:: Given data ::

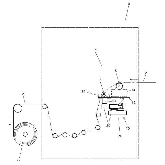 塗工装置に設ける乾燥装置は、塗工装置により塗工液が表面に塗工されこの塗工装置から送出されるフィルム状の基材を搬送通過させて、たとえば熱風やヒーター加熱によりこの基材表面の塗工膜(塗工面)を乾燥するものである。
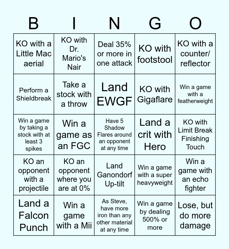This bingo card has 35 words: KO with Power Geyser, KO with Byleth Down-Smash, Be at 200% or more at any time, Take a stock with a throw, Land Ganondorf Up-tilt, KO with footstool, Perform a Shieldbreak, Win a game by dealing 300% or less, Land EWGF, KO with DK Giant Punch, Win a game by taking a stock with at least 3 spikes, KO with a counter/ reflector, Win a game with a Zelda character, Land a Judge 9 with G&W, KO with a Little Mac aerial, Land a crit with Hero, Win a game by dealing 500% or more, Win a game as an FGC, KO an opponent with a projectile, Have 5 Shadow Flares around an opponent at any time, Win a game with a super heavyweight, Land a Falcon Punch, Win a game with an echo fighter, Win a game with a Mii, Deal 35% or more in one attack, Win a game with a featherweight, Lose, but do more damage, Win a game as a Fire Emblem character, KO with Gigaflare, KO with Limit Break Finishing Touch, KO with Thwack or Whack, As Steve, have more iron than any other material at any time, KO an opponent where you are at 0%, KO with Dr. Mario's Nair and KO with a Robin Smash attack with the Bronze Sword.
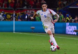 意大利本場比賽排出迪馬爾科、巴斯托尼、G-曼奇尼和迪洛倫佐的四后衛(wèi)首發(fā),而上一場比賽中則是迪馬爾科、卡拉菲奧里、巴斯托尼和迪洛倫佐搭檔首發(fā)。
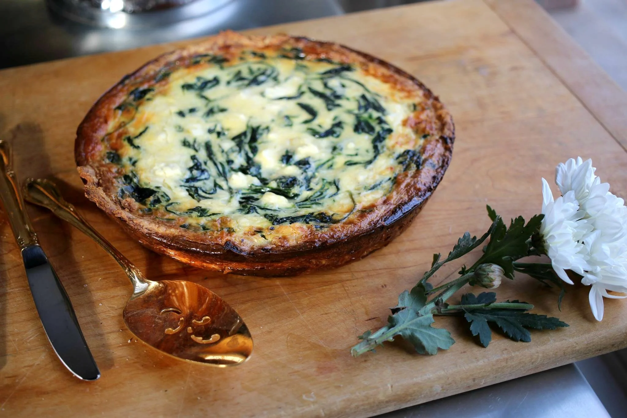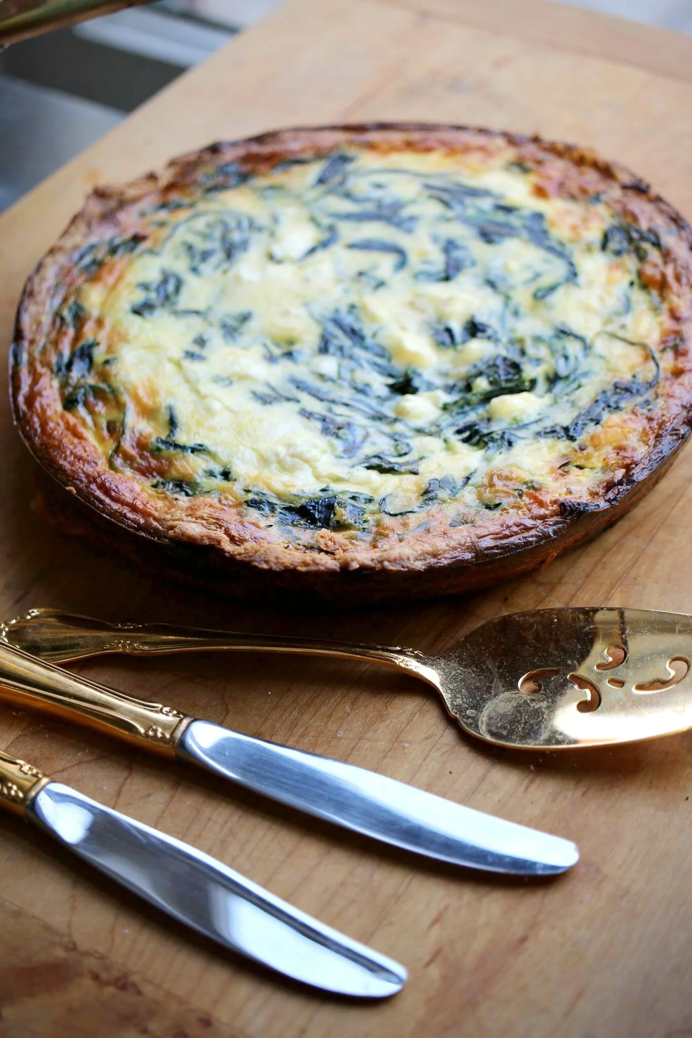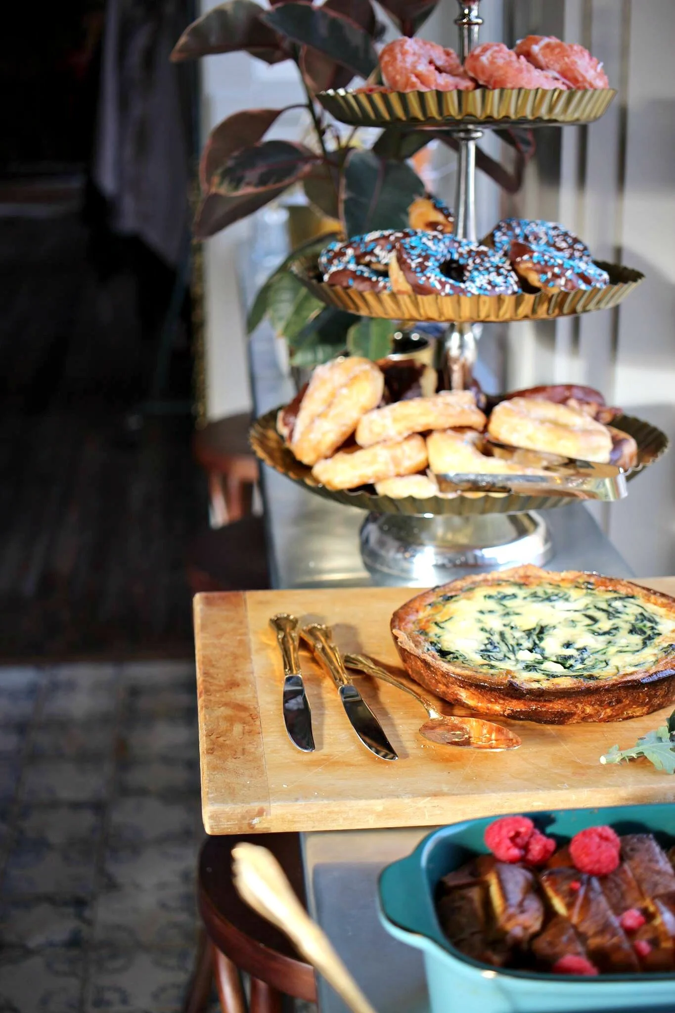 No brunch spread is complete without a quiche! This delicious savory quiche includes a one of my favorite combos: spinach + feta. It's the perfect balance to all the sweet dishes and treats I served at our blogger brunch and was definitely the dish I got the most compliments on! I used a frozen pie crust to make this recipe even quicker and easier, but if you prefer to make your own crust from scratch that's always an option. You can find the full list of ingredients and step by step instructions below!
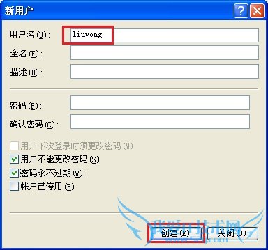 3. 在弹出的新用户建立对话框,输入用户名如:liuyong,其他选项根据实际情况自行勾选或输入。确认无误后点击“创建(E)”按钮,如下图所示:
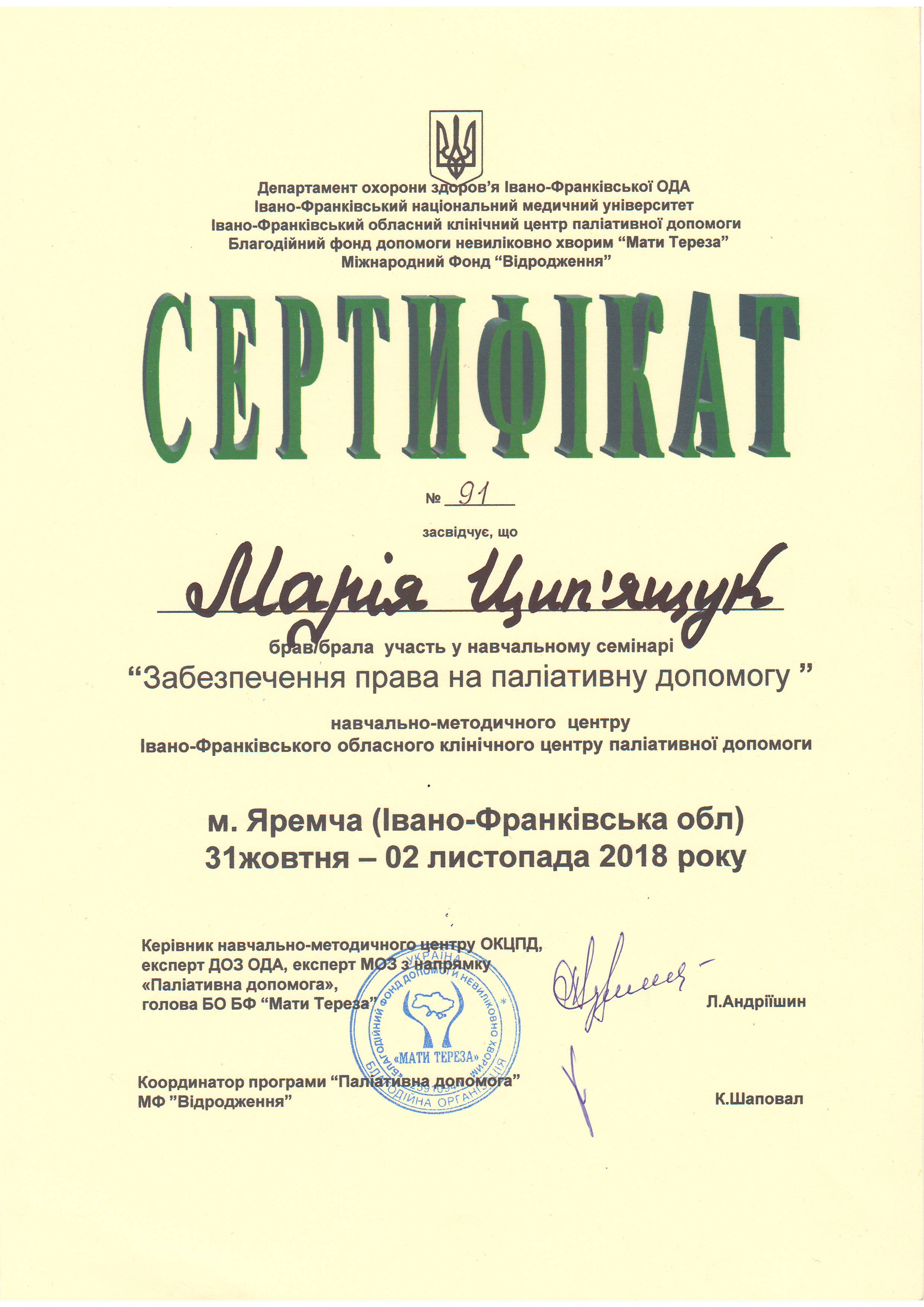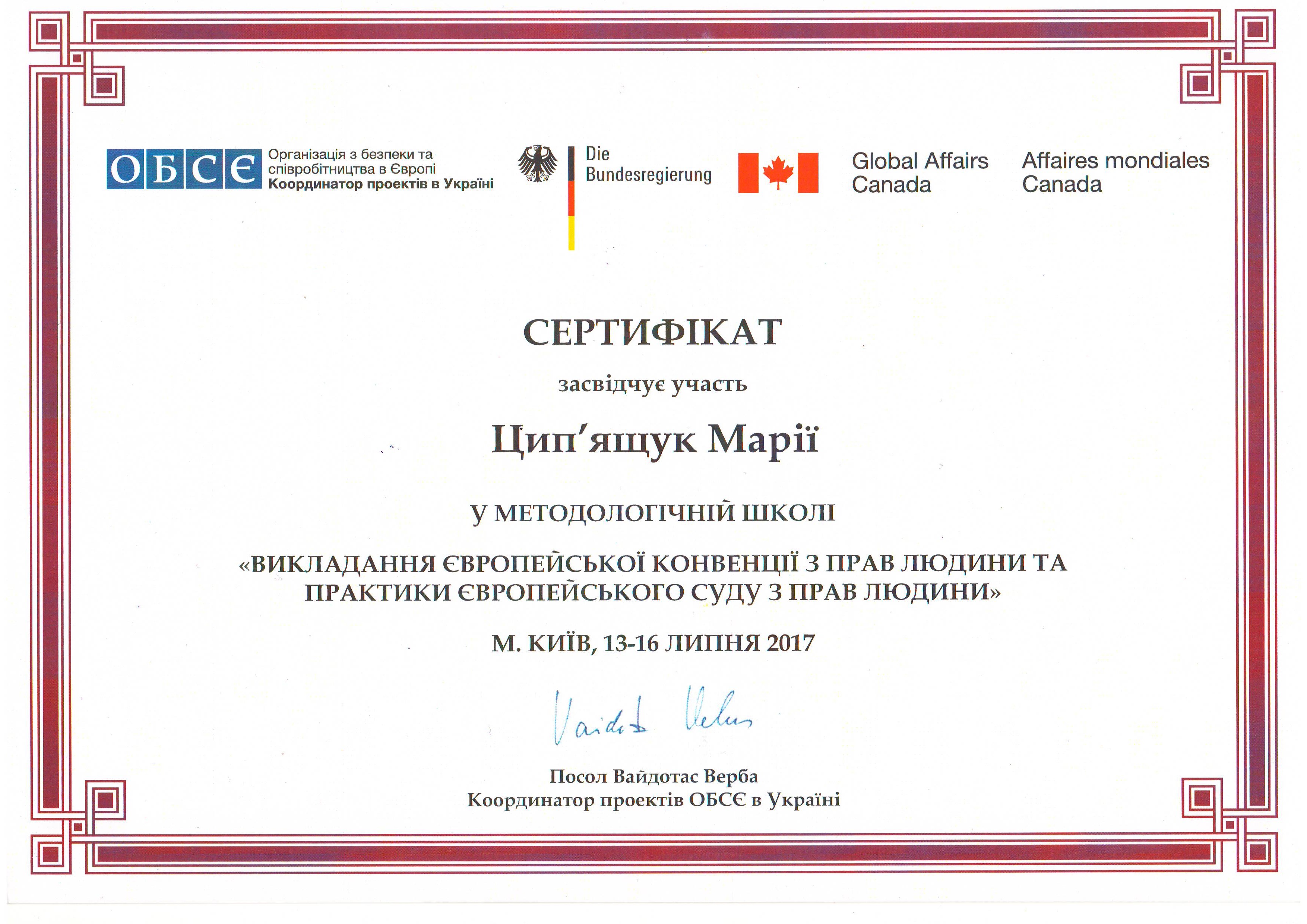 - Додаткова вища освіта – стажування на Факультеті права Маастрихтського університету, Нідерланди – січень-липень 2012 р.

:::
:: Given data ::

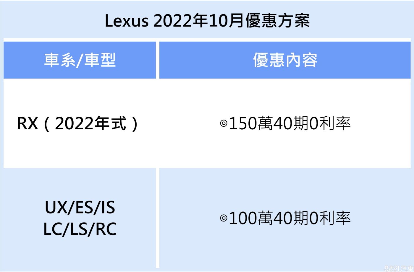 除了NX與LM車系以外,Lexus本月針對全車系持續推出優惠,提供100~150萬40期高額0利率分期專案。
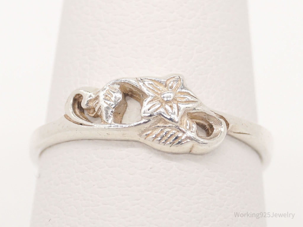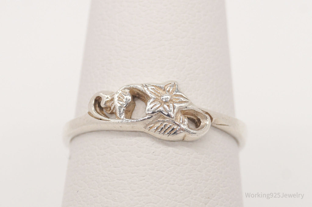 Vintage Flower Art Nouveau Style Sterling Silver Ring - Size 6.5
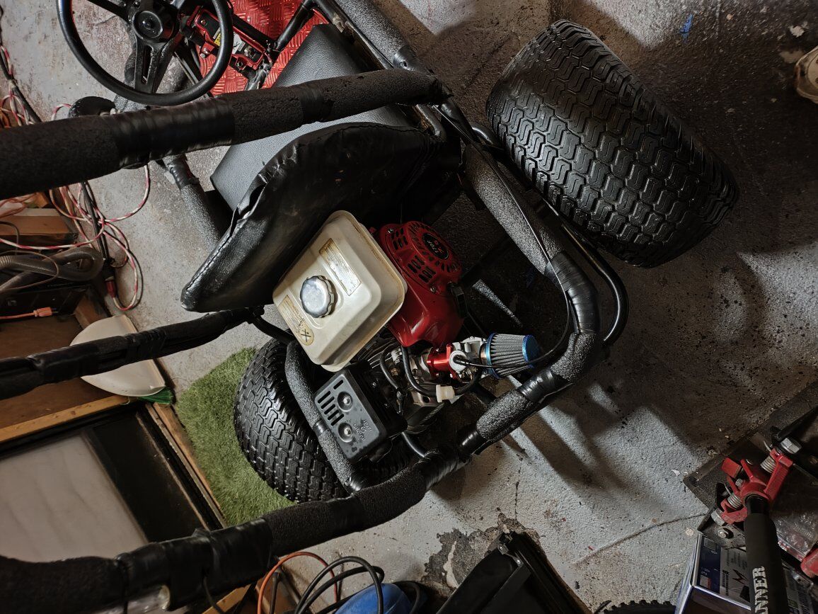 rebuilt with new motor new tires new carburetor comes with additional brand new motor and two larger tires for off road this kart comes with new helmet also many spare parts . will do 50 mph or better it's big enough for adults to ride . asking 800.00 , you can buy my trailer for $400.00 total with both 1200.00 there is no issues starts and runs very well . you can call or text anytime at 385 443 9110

:::

### Task item
Among the records above, locate the line containing "除了NX與LM車系以外,Le" and the line containing "rebuilt with new", then transcribe exactly the lines starting at the first and ending at the second, with no pictures.

### Result
 除了NX與LM車系以外,Lexus本月針對全車系持續推出優惠,提供100~150萬40期高額0利率分期專案。
 Vintage Flower Art Nouveau Style Sterling Silver Ring - Size 6.5
 rebuilt with new motor new tires new carburetor comes with additional brand new motor and two larger tires for off road this kart comes with new helmet also many spare parts . will do 50 mph or better it's big enough for adults to ride . asking 800.00 , you can buy my trailer for $400.00 total with both 1200.00 there is no issues starts and runs very well . you can call or text anytime at 385 443 9110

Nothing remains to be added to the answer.